* What the exercise asks:
Bring back every record exactly, except for the pictures, which stay out.

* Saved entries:
►

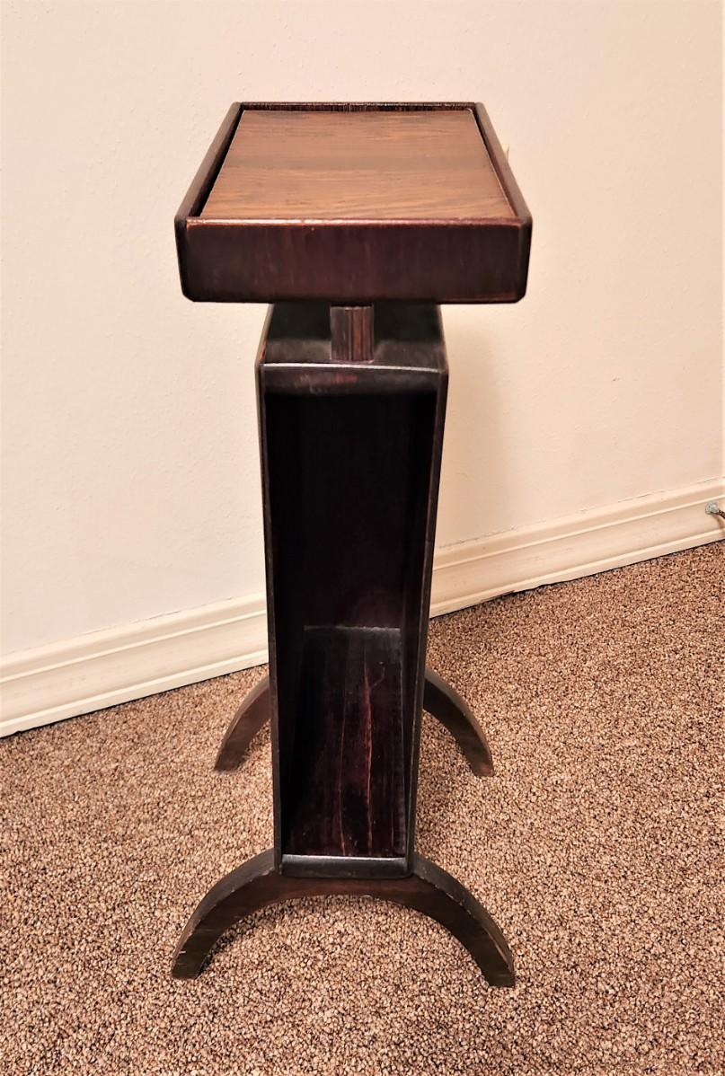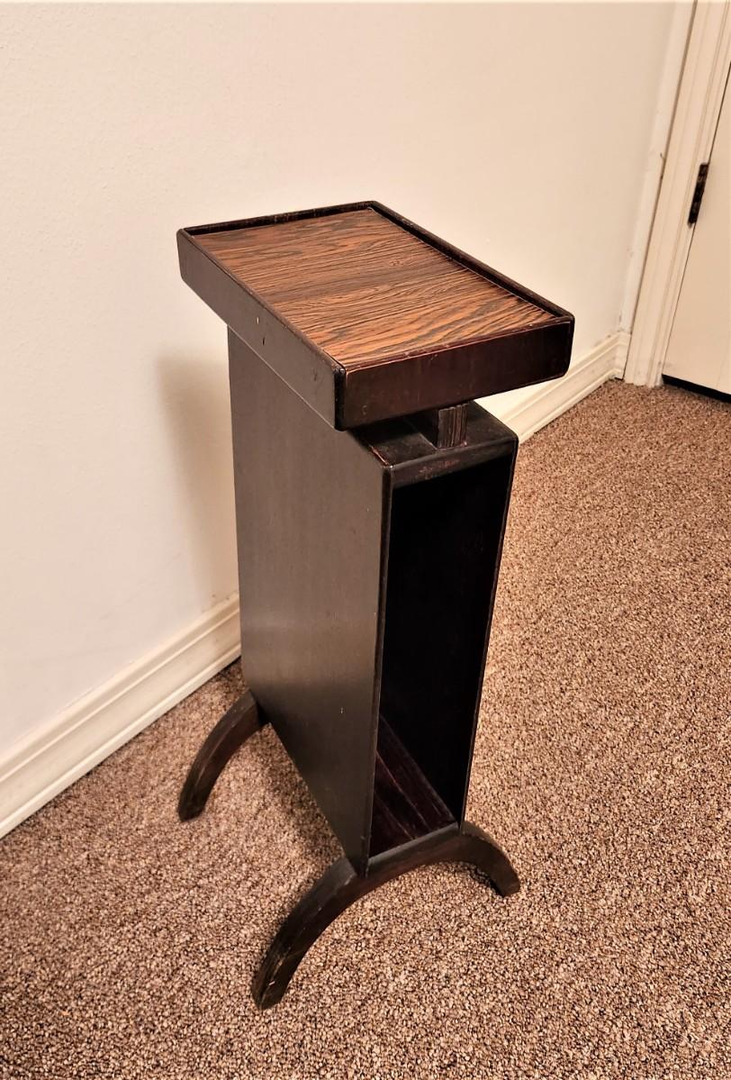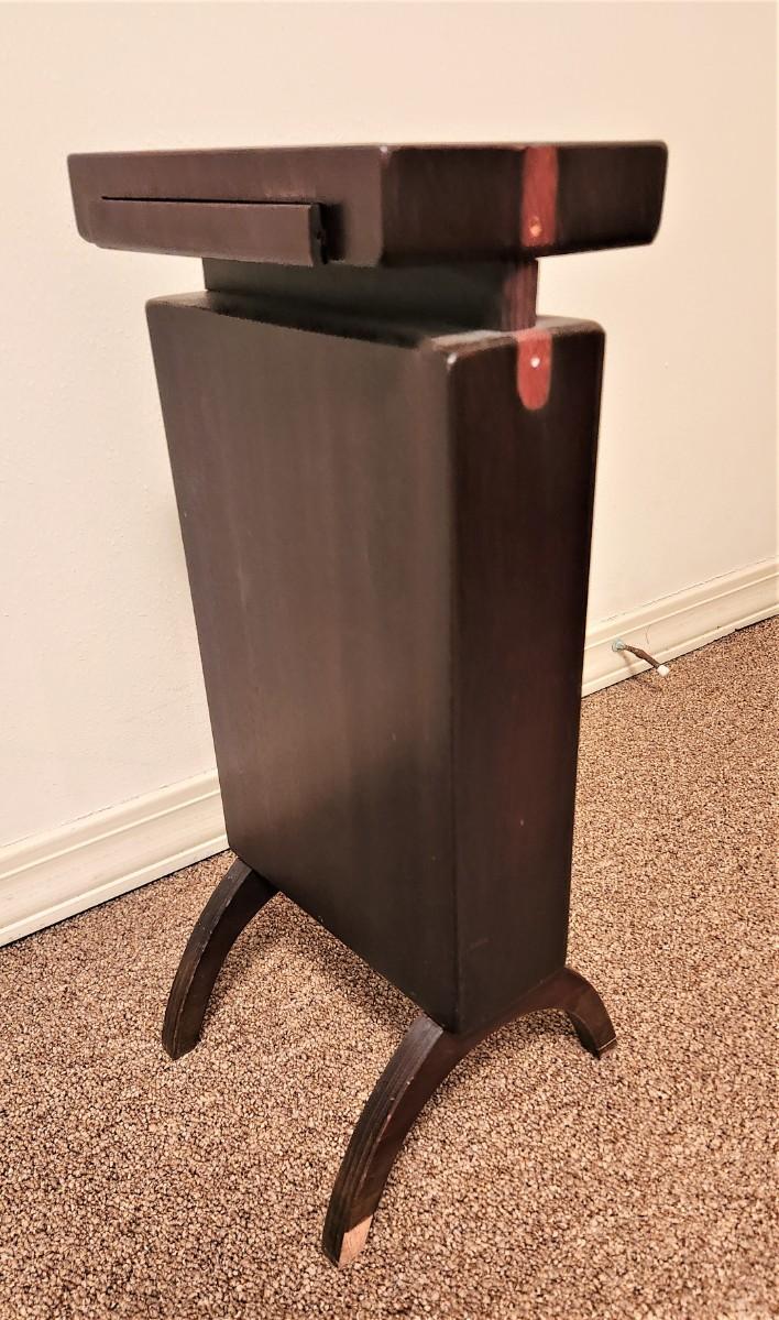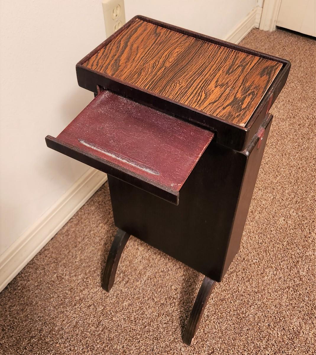 Cook 1960's phone stand, place for the phone book, a pull out section for your notepad or drink, etc. 23" tall, 10" deep. Note some damage at the bottom to leg - easy fix.
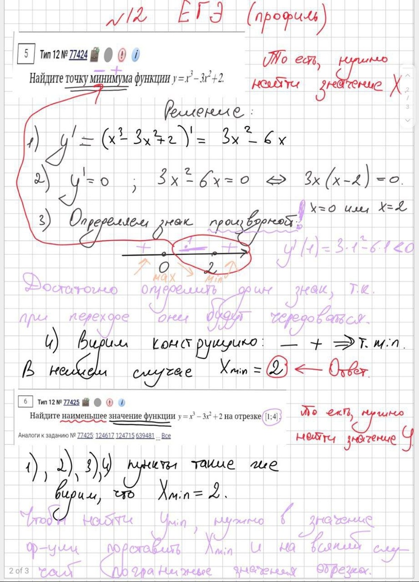 ) Что нужно для того, чтобы решить данное задание? 1. Знать таблицу производных 2. Понимать суть задания и вчитываться в "дано" 🔠Если написано "найти ТОЧКУ", значит, ищем значение "x" (Xmin или Xmax) 🚩Если написано "найти ЗНАЧЕНИЕ ФУНКЦИИ", значит, ищем значение "y" (y min или y max) Алгоритм решения задания: 1. Ищем производную данной функции 2. Приравниваем производную к нулю, чтобы найти точки пересечения нашей производной с осью "x" (т.е., ищем иксы) 3-4. Ищем точку минимума или максимума (Xmin, если у нас переход от - к +; Xmax, если у нас переход от + к -) 5. Если требуется найти значение функции, то ищем y min или y max, подставляя в нашу функцию Xmin (если нужно y min) либо Xmax (если нужно y max) и значения на концах отрезка. 🐈Чтобы вы лучше поняли материал, я прорешала два идейных прототипа ЕГЭшных (их всего два так то) и прикрепила задания для самостоятельной прорешки Boostик
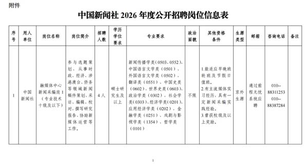 附件:中国新闻社2026年度公开招聘岗位信息表
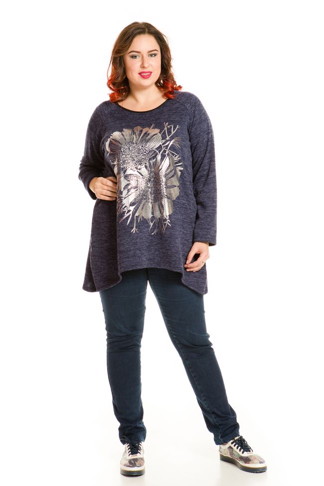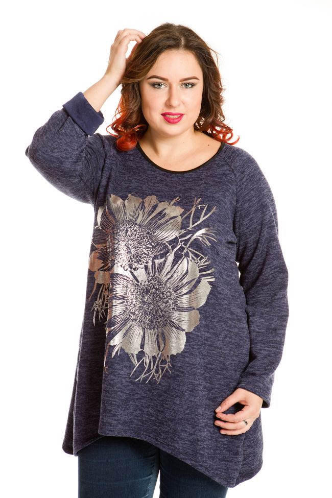 синий Туника трапециевидного силуэта из натурального трикотажного полотна. Данная ткань приятна к телу и согреет в прохладную погоду. Круглая горловина обработана окантовкой. Длинные рукава покроя реглан-погон. Низок переда и спинки асимметричный, удлинен по боковым швам. По переду выполнена печать цветочный принт. Прекрасное решение на каждый день.
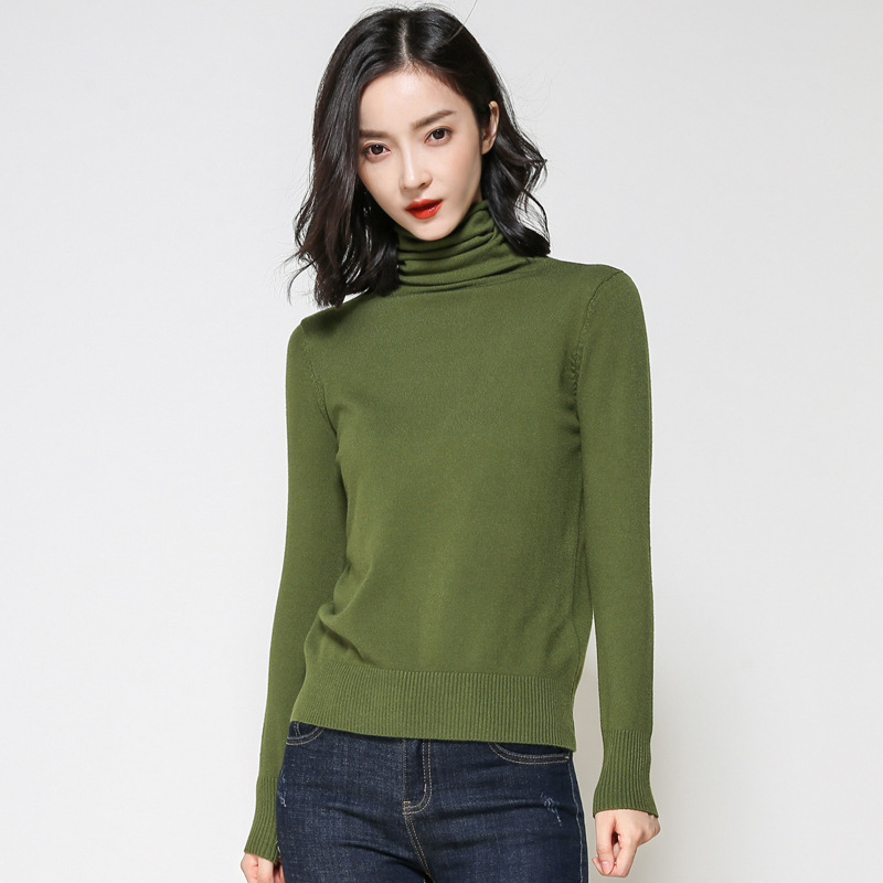 디딤넥 니트 이너웨어 가을 겨울 신상 여성용 한국 스타일 단색 풀오버 긴팔 니트 숏 하이넥 스웨터
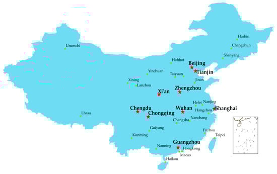 In this study, nine national metropolises in China were the research areas. They included Beijing, Tianjin, Shanghai, Guangzhou, Chongqing, Chengdu, Zhengzhou, Wuhan, and Xi’an (see Figure 4). The study period was 2007–2016. The data in the new urbanization index system were mainly collected from the 2008–2017 Statistical Yearbooks for each metropolis. The data related to the sustainable transportation index system were mainly collected from the urban traffic yearbooks for the different cities.
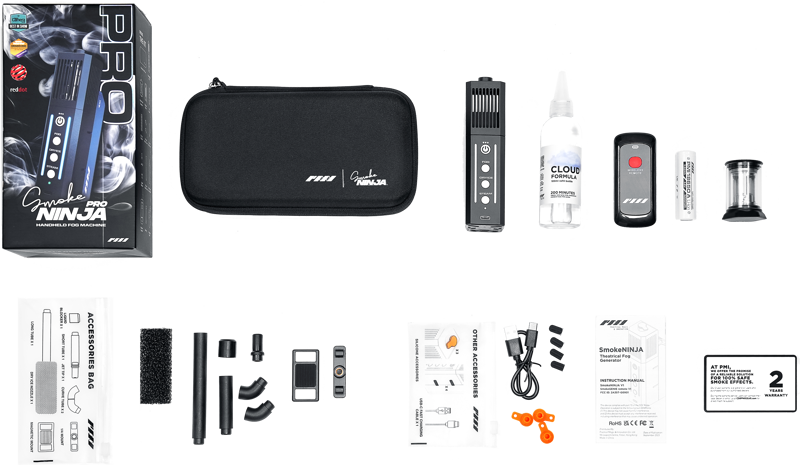 Note: Do NOT use third-party fog liquids with the SmokeNINJA-Pro. The PMI Cloud Formula is designed to optimize the machine’s performance. Due to the unique technology of the chamber, other fog formulas will not work and may cause undesired effects. PMI are not liable for any harm and/or damage when using third-party fog liquids with the SmokeNINJA-Pro.
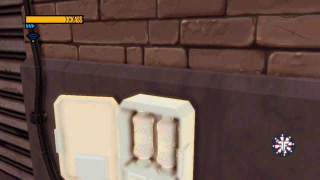 step14.然后爬上垃圾箱旁边的梯子,对露台的电箱使用电击器,那么左侧巷子的闸门便会开启。
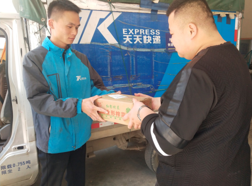 王贊看好的是蘇寧拼購的零售模式,2019年5月,“桃仁小哥”入駐拼購開店,銷量一路上漲。在拼購平臺的撮合下,去年8月份,負責臨安天天快遞的周永勝和“桃仁小哥”王贊,這對“自家人”相見恨晚,愉快地牽手合作。
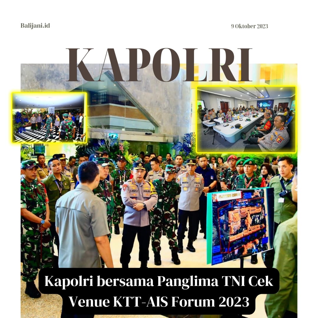 “Bapak Kapolri dan Bapak Panglima TNI bersama dengan Kapolda Bali dan Pejabat Utama Mabes Polri menyempatkan untuk melihat kesiapan fitur-fitur yang ada di Command Centre 91 Polda Bali ITDC, Nusa Dua. Ini merupakan keseriusan Polri berkolaborasi dengan TNI dalam menjelang perhelatan KTT AIS Forum 2023 yang akan diadakan 10-11 Oktober 2023” ucap Kabid Humas Polda Bali.
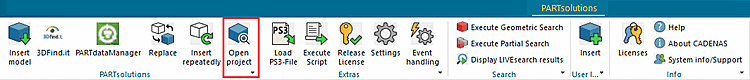 Click on Open project to check whether the selected assembly element originates from PARTsolutions.

◄

* Response area:
 Cook 1960's phone stand, place for the phone book, a pull out section for your notepad or drink, etc. 23" tall, 10" deep. Note some damage at the bottom to leg - easy fix.
 ) Что нужно для того, чтобы решить данное задание? 1. Знать таблицу производных 2. Понимать суть задания и вчитываться в "дано" 🔠Если написано "найти ТОЧКУ", значит, ищем значение "x" (Xmin или Xmax) 🚩Если написано "найти ЗНАЧЕНИЕ ФУНКЦИИ", значит, ищем значение "y" (y min или y max) Алгоритм решения задания: 1. Ищем производную данной функции 2. Приравниваем производную к нулю, чтобы найти точки пересечения нашей производной с осью "x" (т.е., ищем иксы) 3-4. Ищем точку минимума или максимума (Xmin, если у нас переход от - к +; Xmax, если у нас переход от + к -) 5. Если требуется найти значение функции, то ищем y min или y max, подставляя в нашу функцию Xmin (если нужно y min) либо Xmax (если нужно y max) и значения на концах отрезка. 🐈Чтобы вы лучше поняли материал, я прорешала два идейных прототипа ЕГЭшных (их всего два так то) и прикрепила задания для самостоятельной прорешки Boostик
 附件:中国新闻社2026年度公开招聘岗位信息表
 синий Туника трапециевидного силуэта из натурального трикотажного полотна. Данная ткань приятна к телу и согреет в прохладную погоду. Круглая горловина обработана окантовкой. Длинные рукава покроя реглан-погон. Низок переда и спинки асимметричный, удлинен по боковым швам. По переду выполнена печать цветочный принт. Прекрасное решение на каждый день.
 디딤넥 니트 이너웨어 가을 겨울 신상 여성용 한국 스타일 단색 풀오버 긴팔 니트 숏 하이넥 스웨터
 In this study, nine national metropolises in China were the research areas. They included Beijing, Tianjin, Shanghai, Guangzhou, Chongqing, Chengdu, Zhengzhou, Wuhan, and Xi’an (see Figure 4). The study period was 2007–2016. The data in the new urbanization index system were mainly collected from the 2008–2017 Statistical Yearbooks for each metropolis. The data related to the sustainable transportation index system were mainly collected from the urban traffic yearbooks for the different cities.
 Note: Do NOT use third-party fog liquids with the SmokeNINJA-Pro. The PMI Cloud Formula is designed to optimize the machine’s performance. Due to the unique technology of the chamber, other fog formulas will not work and may cause undesired effects. PMI are not liable for any harm and/or damage when using third-party fog liquids with the SmokeNINJA-Pro.
 step14.然后爬上垃圾箱旁边的梯子,对露台的电箱使用电击器,那么左侧巷子的闸门便会开启。
 王贊看好的是蘇寧拼購的零售模式,2019年5月,“桃仁小哥”入駐拼購開店,銷量一路上漲。在拼購平臺的撮合下,去年8月份,負責臨安天天快遞的周永勝和“桃仁小哥”王贊,這對“自家人”相見恨晚,愉快地牽手合作。
 “Bapak Kapolri dan Bapak Panglima TNI bersama dengan Kapolda Bali dan Pejabat Utama Mabes Polri menyempatkan untuk melihat kesiapan fitur-fitur yang ada di Command Centre 91 Polda Bali ITDC, Nusa Dua. Ini merupakan keseriusan Polri berkolaborasi dengan TNI dalam menjelang perhelatan KTT AIS Forum 2023 yang akan diadakan 10-11 Oktober 2023” ucap Kabid Humas Polda Bali.
 Click on Open project to check whether the selected assembly element originates from PARTsolutions.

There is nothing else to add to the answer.